[Stored data]
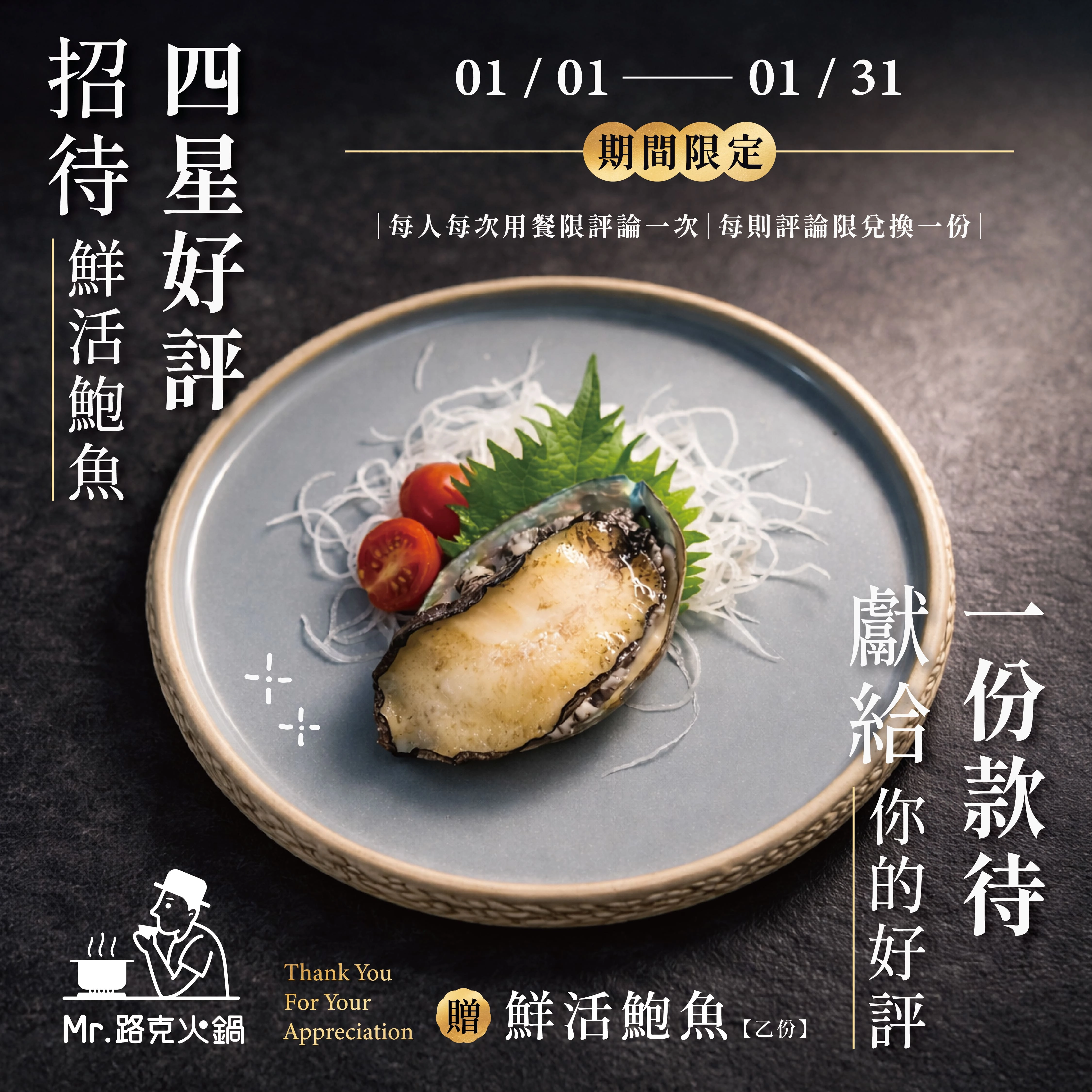 🎁 活動內容|四星以上好評贈「鮮活鮑魚」一份
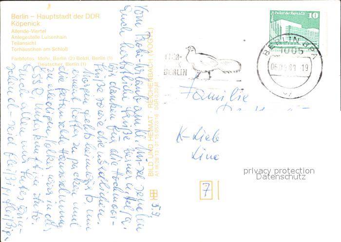 72372225 alte Postkarte Koepenick Allende Viertel Anlegestelle Luisenhain Teilansicht Torhaeushen am Schloss postalisch gelaufen Erhaltung siehe scans KatCode: 11110011000000
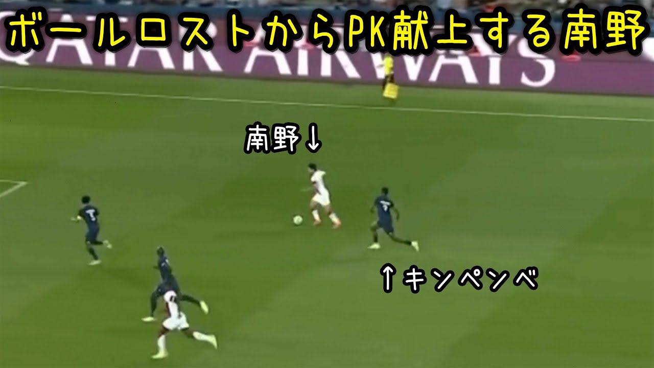ボールロストしてネイマールにPK与える南野拓実
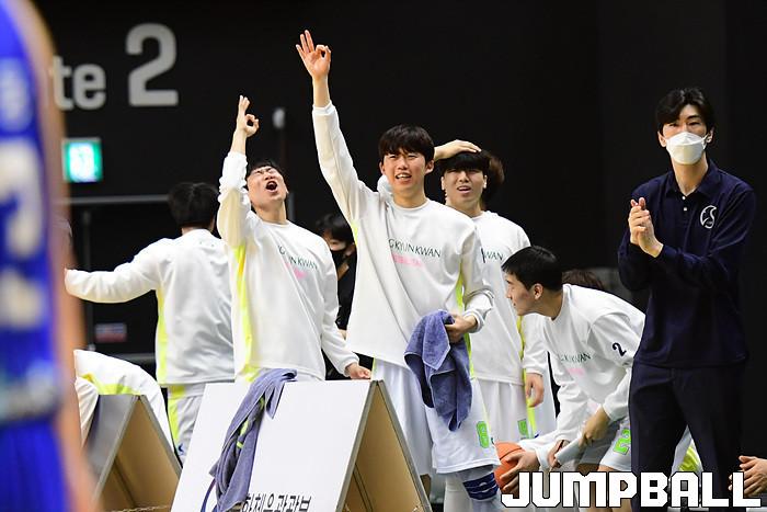 [점프볼=수원/박상혁 기자] 25일 서수원칠보체육관에서 열린 2021 KUSF 대학농구 U-리그 성균관대와 중앙대의 경기, 성균관대 선수단이 환호하고 있다.
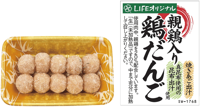 親鶏のもも肉・むね肉を配合しており、食感と旨味を楽しむことができ、焼あご出汁の味わい豊かな風味を感じることのできるライフオリジナルの鶏だんご。餃子のタネなど、アレンジしてお召し上がりいただくこともおすすめです。
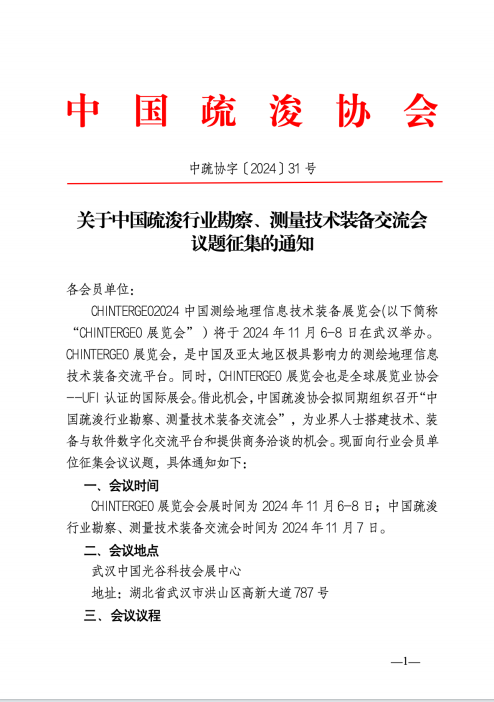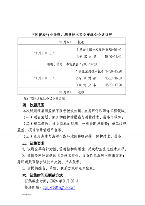 关于中国疏浚行业勘察、测量技术装备交流会 议题征集的通知

→ Directions:
Each record should be quoted exactly, with the images omitted.

→ Written solution:
 🎁 活動內容|四星以上好評贈「鮮活鮑魚」一份
 72372225 alte Postkarte Koepenick Allende Viertel Anlegestelle Luisenhain Teilansicht Torhaeushen am Schloss postalisch gelaufen Erhaltung siehe scans KatCode: 11110011000000
ボールロストしてネイマールにPK与える南野拓実
 [점프볼=수원/박상혁 기자] 25일 서수원칠보체육관에서 열린 2021 KUSF 대학농구 U-리그 성균관대와 중앙대의 경기, 성균관대 선수단이 환호하고 있다.
 親鶏のもも肉・むね肉を配合しており、食感と旨味を楽しむことができ、焼あご出汁の味わい豊かな風味を感じることのできるライフオリジナルの鶏だんご。餃子のタネなど、アレンジしてお召し上がりいただくこともおすすめです。
 关于中国疏浚行业勘察、测量技术装备交流会 议题征集的通知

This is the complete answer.